## Required action:
Output all entries verbatim. Skip pictures.

Information given Start Marker

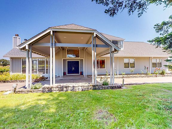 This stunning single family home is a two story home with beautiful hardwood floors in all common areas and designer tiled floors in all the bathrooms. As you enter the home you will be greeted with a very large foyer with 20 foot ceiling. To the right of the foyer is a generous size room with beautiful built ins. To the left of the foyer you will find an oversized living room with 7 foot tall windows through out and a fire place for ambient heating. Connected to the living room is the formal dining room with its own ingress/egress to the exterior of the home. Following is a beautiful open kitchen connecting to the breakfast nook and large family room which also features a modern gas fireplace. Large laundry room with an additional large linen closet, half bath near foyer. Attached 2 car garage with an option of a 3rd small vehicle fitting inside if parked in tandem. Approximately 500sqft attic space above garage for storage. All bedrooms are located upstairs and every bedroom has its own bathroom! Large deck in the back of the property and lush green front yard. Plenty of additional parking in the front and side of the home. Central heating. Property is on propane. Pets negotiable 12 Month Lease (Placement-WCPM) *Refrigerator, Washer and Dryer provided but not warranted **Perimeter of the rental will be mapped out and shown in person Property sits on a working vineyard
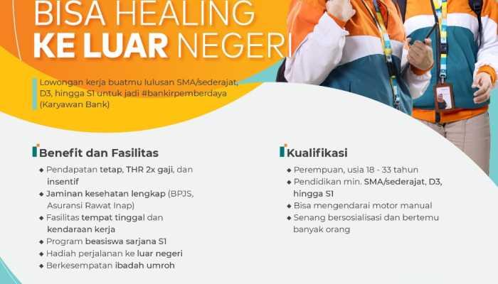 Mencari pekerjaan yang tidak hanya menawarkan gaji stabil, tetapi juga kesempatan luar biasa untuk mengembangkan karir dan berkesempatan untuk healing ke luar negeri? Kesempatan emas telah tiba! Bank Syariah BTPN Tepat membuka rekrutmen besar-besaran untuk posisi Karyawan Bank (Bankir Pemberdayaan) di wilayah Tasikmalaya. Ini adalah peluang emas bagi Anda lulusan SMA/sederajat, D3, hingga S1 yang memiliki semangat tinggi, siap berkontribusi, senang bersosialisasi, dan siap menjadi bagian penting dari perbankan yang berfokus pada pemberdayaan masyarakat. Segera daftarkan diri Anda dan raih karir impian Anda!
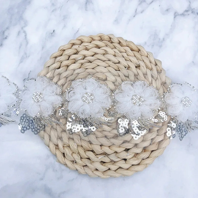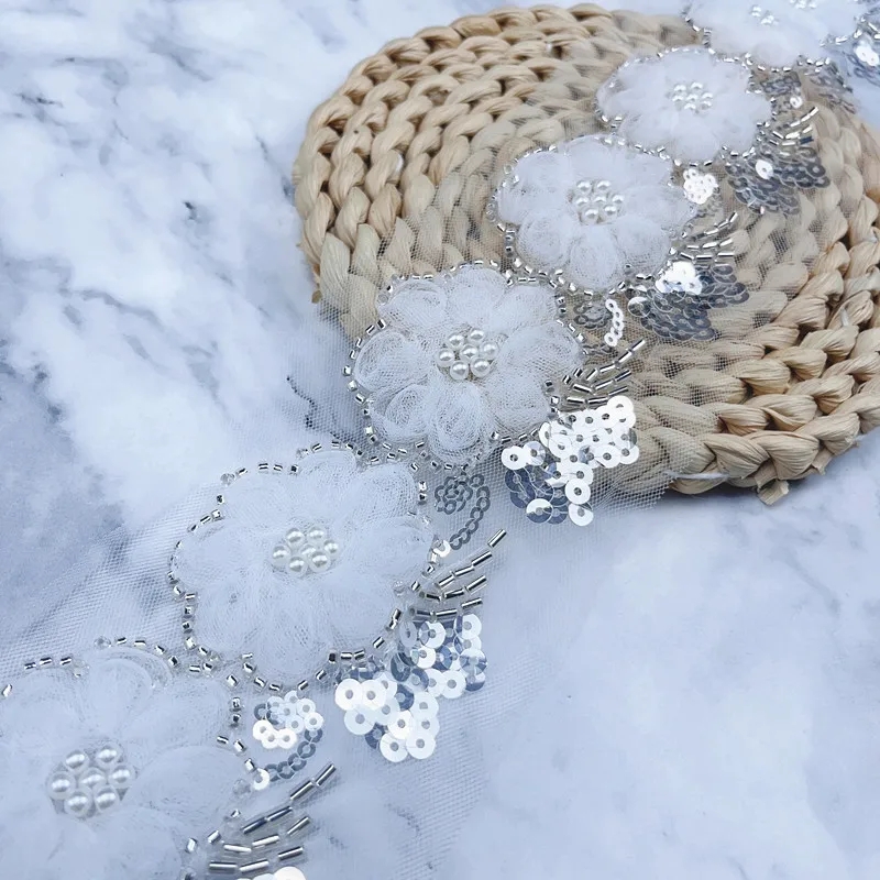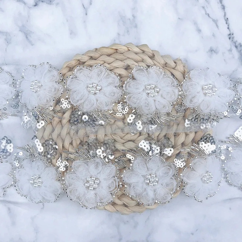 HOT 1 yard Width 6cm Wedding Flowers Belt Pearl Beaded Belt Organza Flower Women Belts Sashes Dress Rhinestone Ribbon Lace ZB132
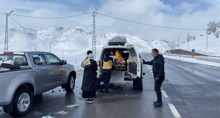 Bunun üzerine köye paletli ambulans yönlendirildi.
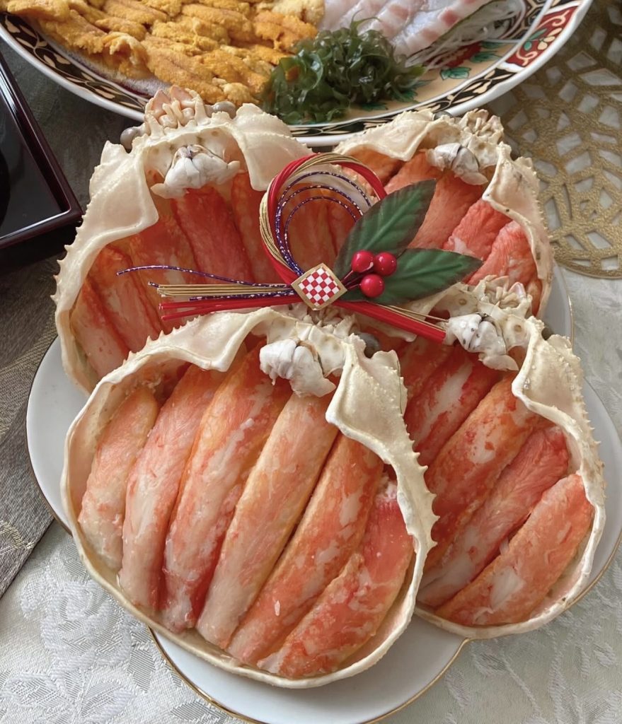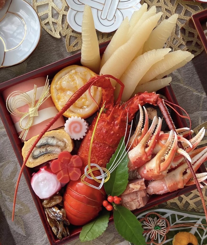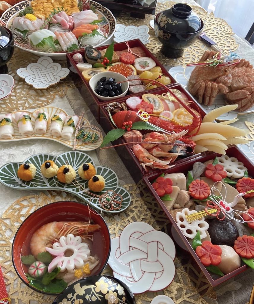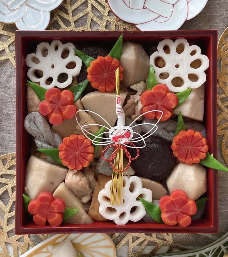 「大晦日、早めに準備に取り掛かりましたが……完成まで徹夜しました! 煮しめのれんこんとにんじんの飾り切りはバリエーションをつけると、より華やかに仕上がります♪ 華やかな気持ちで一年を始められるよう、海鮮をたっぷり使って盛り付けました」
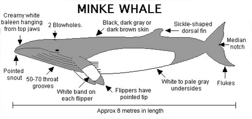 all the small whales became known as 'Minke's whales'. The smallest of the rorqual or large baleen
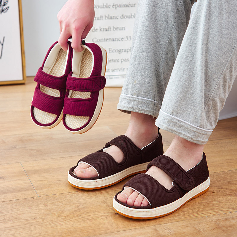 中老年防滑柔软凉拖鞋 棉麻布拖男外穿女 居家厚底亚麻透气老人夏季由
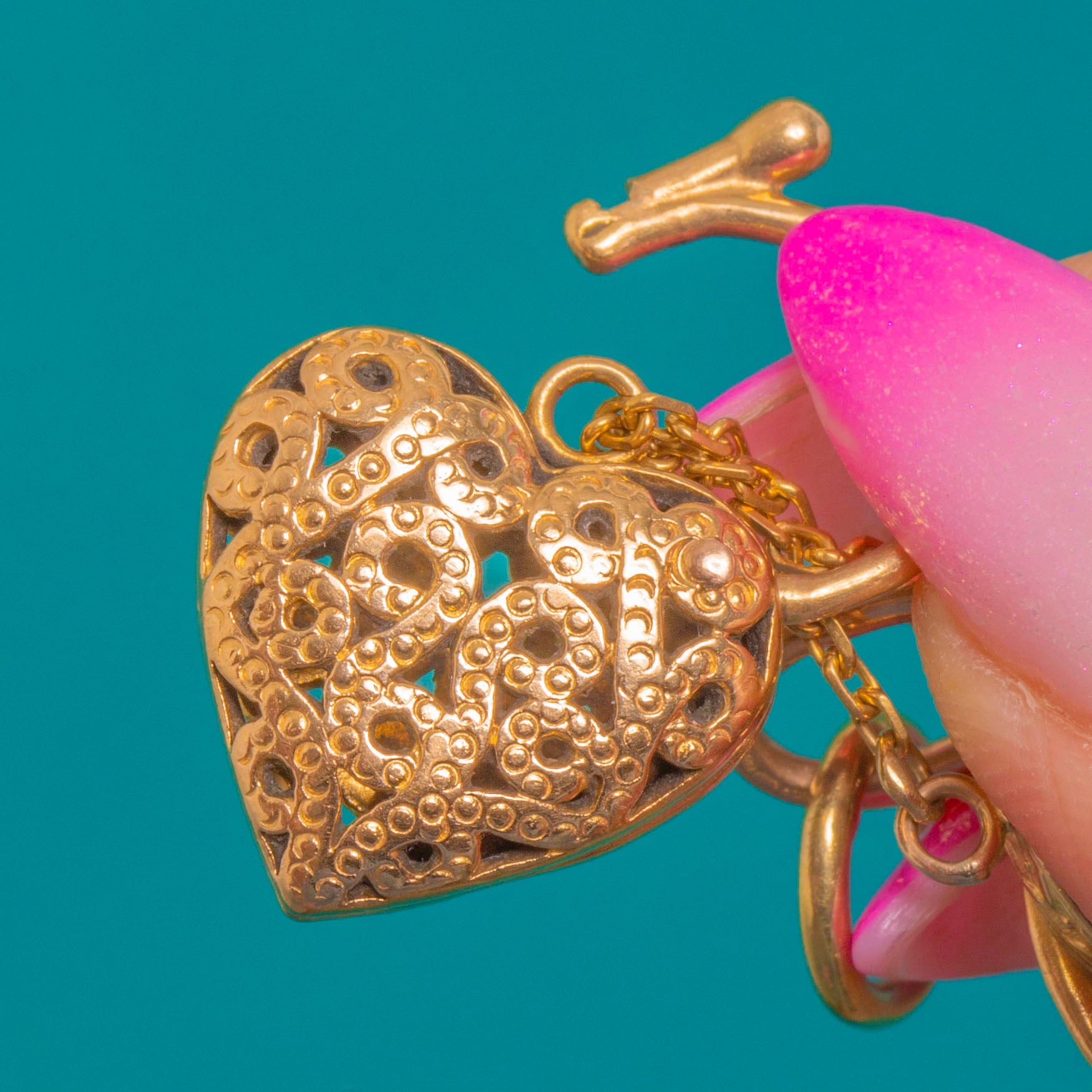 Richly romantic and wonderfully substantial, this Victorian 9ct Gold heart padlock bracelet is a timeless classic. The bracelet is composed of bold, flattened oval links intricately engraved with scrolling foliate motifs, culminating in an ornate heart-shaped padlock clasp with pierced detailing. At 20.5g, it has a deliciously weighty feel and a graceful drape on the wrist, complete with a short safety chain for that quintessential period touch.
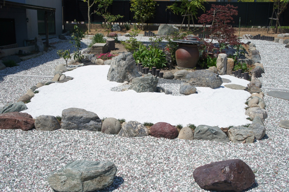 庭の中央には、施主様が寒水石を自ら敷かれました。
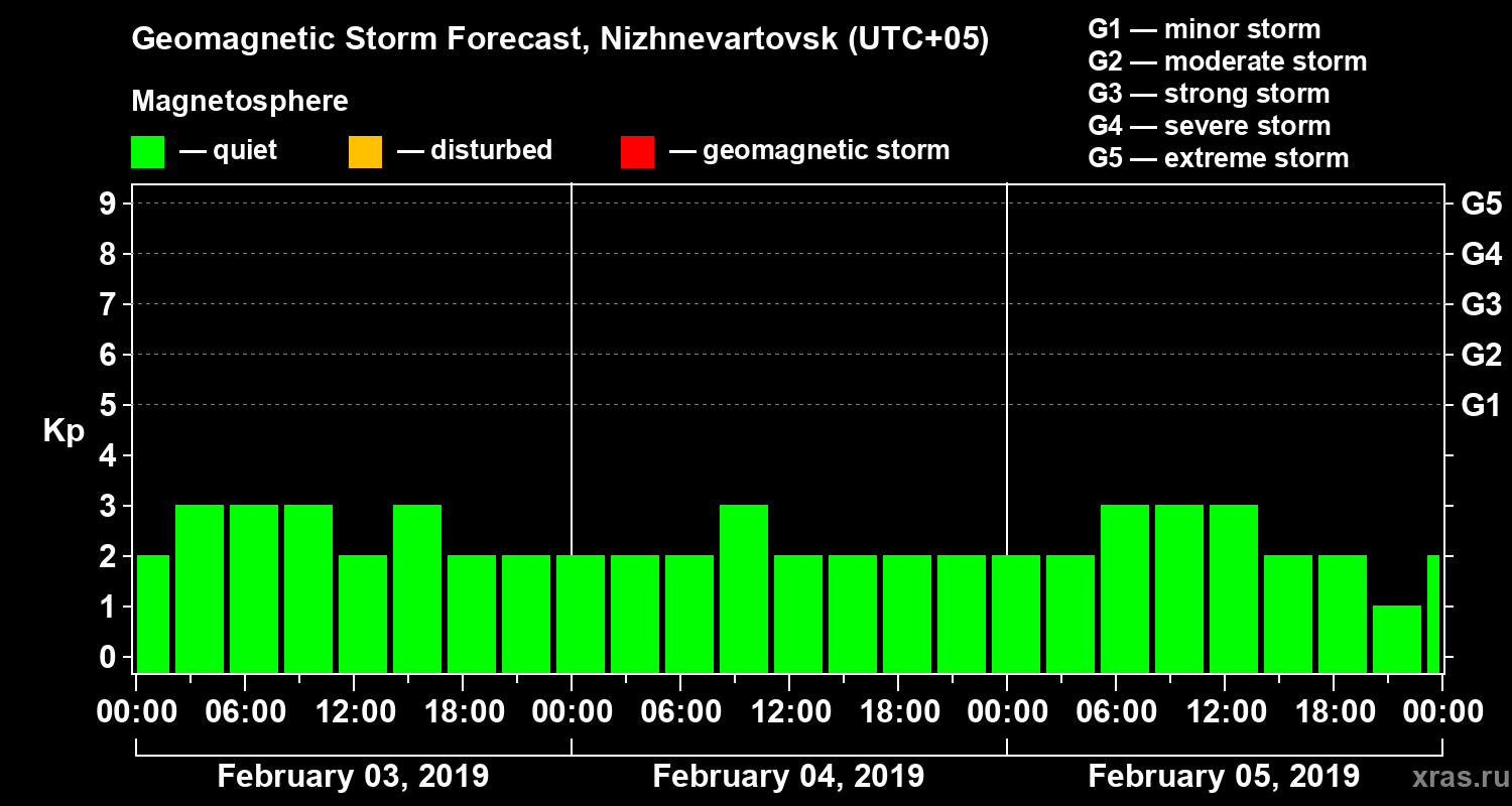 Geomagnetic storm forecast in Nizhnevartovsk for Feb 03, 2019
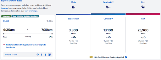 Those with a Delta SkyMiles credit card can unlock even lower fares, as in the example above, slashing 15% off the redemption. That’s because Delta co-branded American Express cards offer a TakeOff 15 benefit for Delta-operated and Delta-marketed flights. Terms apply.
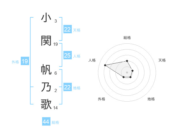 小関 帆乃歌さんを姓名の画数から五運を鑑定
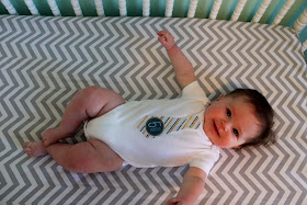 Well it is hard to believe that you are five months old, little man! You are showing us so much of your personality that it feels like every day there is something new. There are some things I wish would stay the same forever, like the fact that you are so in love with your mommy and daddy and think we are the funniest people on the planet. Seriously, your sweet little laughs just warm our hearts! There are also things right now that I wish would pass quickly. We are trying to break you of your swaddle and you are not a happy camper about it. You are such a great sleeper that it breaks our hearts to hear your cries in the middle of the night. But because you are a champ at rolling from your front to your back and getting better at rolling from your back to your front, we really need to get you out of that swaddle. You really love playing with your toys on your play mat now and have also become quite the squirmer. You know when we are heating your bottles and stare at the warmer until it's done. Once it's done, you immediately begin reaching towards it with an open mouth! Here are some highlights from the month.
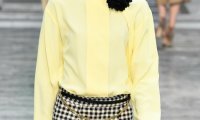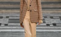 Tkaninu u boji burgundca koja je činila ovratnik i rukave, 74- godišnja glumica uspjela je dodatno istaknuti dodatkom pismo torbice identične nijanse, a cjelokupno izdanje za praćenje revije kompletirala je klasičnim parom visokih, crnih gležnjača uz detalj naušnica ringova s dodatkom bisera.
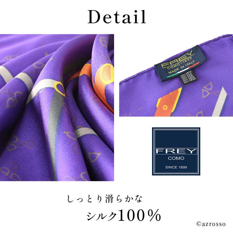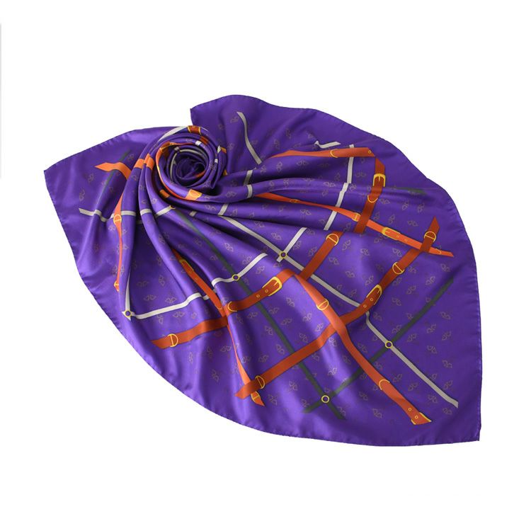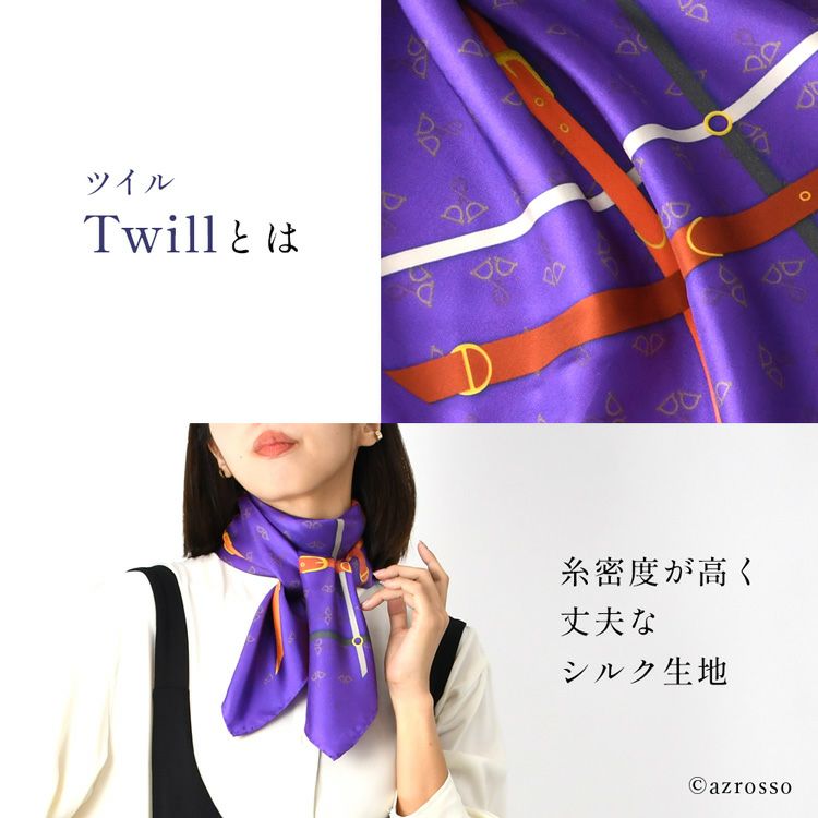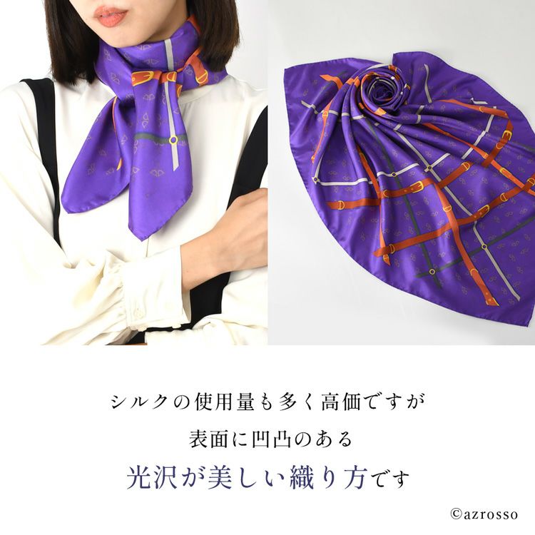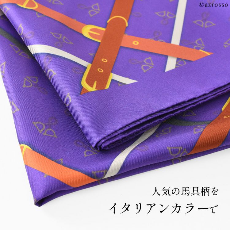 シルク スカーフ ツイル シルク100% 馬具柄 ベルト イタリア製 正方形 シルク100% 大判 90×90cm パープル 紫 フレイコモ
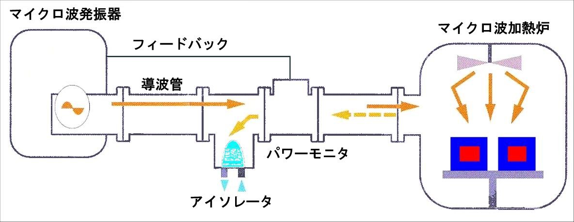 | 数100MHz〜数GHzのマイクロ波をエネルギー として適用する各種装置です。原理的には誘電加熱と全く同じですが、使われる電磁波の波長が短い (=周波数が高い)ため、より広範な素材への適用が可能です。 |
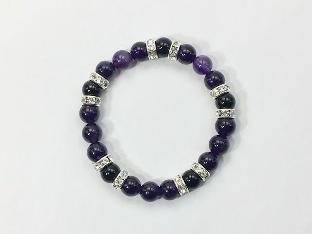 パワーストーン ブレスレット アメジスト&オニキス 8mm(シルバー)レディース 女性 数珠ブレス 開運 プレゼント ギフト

Information given End Marker

## Expected output:
 This stunning single family home is a two story home with beautiful hardwood floors in all common areas and designer tiled floors in all the bathrooms. As you enter the home you will be greeted with a very large foyer with 20 foot ceiling. To the right of the foyer is a generous size room with beautiful built ins. To the left of the foyer you will find an oversized living room with 7 foot tall windows through out and a fire place for ambient heating. Connected to the living room is the formal dining room with its own ingress/egress to the exterior of the home. Following is a beautiful open kitchen connecting to the breakfast nook and large family room which also features a modern gas fireplace. Large laundry room with an additional large linen closet, half bath near foyer. Attached 2 car garage with an option of a 3rd small vehicle fitting inside if parked in tandem. Approximately 500sqft attic space above garage for storage. All bedrooms are located upstairs and every bedroom has its own bathroom! Large deck in the back of the property and lush green front yard. Plenty of additional parking in the front and side of the home. Central heating. Property is on propane. Pets negotiable 12 Month Lease (Placement-WCPM) *Refrigerator, Washer and Dryer provided but not warranted **Perimeter of the rental will be mapped out and shown in person Property sits on a working vineyard
 Mencari pekerjaan yang tidak hanya menawarkan gaji stabil, tetapi juga kesempatan luar biasa untuk mengembangkan karir dan berkesempatan untuk healing ke luar negeri? Kesempatan emas telah tiba! Bank Syariah BTPN Tepat membuka rekrutmen besar-besaran untuk posisi Karyawan Bank (Bankir Pemberdayaan) di wilayah Tasikmalaya. Ini adalah peluang emas bagi Anda lulusan SMA/sederajat, D3, hingga S1 yang memiliki semangat tinggi, siap berkontribusi, senang bersosialisasi, dan siap menjadi bagian penting dari perbankan yang berfokus pada pemberdayaan masyarakat. Segera daftarkan diri Anda dan raih karir impian Anda!
 HOT 1 yard Width 6cm Wedding Flowers Belt Pearl Beaded Belt Organza Flower Women Belts Sashes Dress Rhinestone Ribbon Lace ZB132
 Bunun üzerine köye paletli ambulans yönlendirildi.
 「大晦日、早めに準備に取り掛かりましたが……完成まで徹夜しました! 煮しめのれんこんとにんじんの飾り切りはバリエーションをつけると、より華やかに仕上がります♪ 華やかな気持ちで一年を始められるよう、海鮮をたっぷり使って盛り付けました」
 all the small whales became known as 'Minke's whales'. The smallest of the rorqual or large baleen
 中老年防滑柔软凉拖鞋 棉麻布拖男外穿女 居家厚底亚麻透气老人夏季由
 Richly romantic and wonderfully substantial, this Victorian 9ct Gold heart padlock bracelet is a timeless classic. The bracelet is composed of bold, flattened oval links intricately engraved with scrolling foliate motifs, culminating in an ornate heart-shaped padlock clasp with pierced detailing. At 20.5g, it has a deliciously weighty feel and a graceful drape on the wrist, complete with a short safety chain for that quintessential period touch.
 庭の中央には、施主様が寒水石を自ら敷かれました。
 Geomagnetic storm forecast in Nizhnevartovsk for Feb 03, 2019
 Those with a Delta SkyMiles credit card can unlock even lower fares, as in the example above, slashing 15% off the redemption. That’s because Delta co-branded American Express cards offer a TakeOff 15 benefit for Delta-operated and Delta-marketed flights. Terms apply.
 小関 帆乃歌さんを姓名の画数から五運を鑑定
 Well it is hard to believe that you are five months old, little man! You are showing us so much of your personality that it feels like every day there is something new. There are some things I wish would stay the same forever, like the fact that you are so in love with your mommy and daddy and think we are the funniest people on the planet. Seriously, your sweet little laughs just warm our hearts! There are also things right now that I wish would pass quickly. We are trying to break you of your swaddle and you are not a happy camper about it. You are such a great sleeper that it breaks our hearts to hear your cries in the middle of the night. But because you are a champ at rolling from your front to your back and getting better at rolling from your back to your front, we really need to get you out of that swaddle. You really love playing with your toys on your play mat now and have also become quite the squirmer. You know when we are heating your bottles and stare at the warmer until it's done. Once it's done, you immediately begin reaching towards it with an open mouth! Here are some highlights from the month.
 Tkaninu u boji burgundca koja je činila ovratnik i rukave, 74- godišnja glumica uspjela je dodatno istaknuti dodatkom pismo torbice identične nijanse, a cjelokupno izdanje za praćenje revije kompletirala je klasičnim parom visokih, crnih gležnjača uz detalj naušnica ringova s dodatkom bisera.
 シルク スカーフ ツイル シルク100% 馬具柄 ベルト イタリア製 正方形 シルク100% 大判 90×90cm パープル 紫 フレイコモ
 | 数100MHz〜数GHzのマイクロ波をエネルギー として適用する各種装置です。原理的には誘電加熱と全く同じですが、使われる電磁波の波長が短い (=周波数が高い)ため、より広範な素材への適用が可能です。 |
 パワーストーン ブレスレット アメジスト&オニキス 8mm(シルバー)レディース 女性 数珠ブレス 開運 プレゼント ギフト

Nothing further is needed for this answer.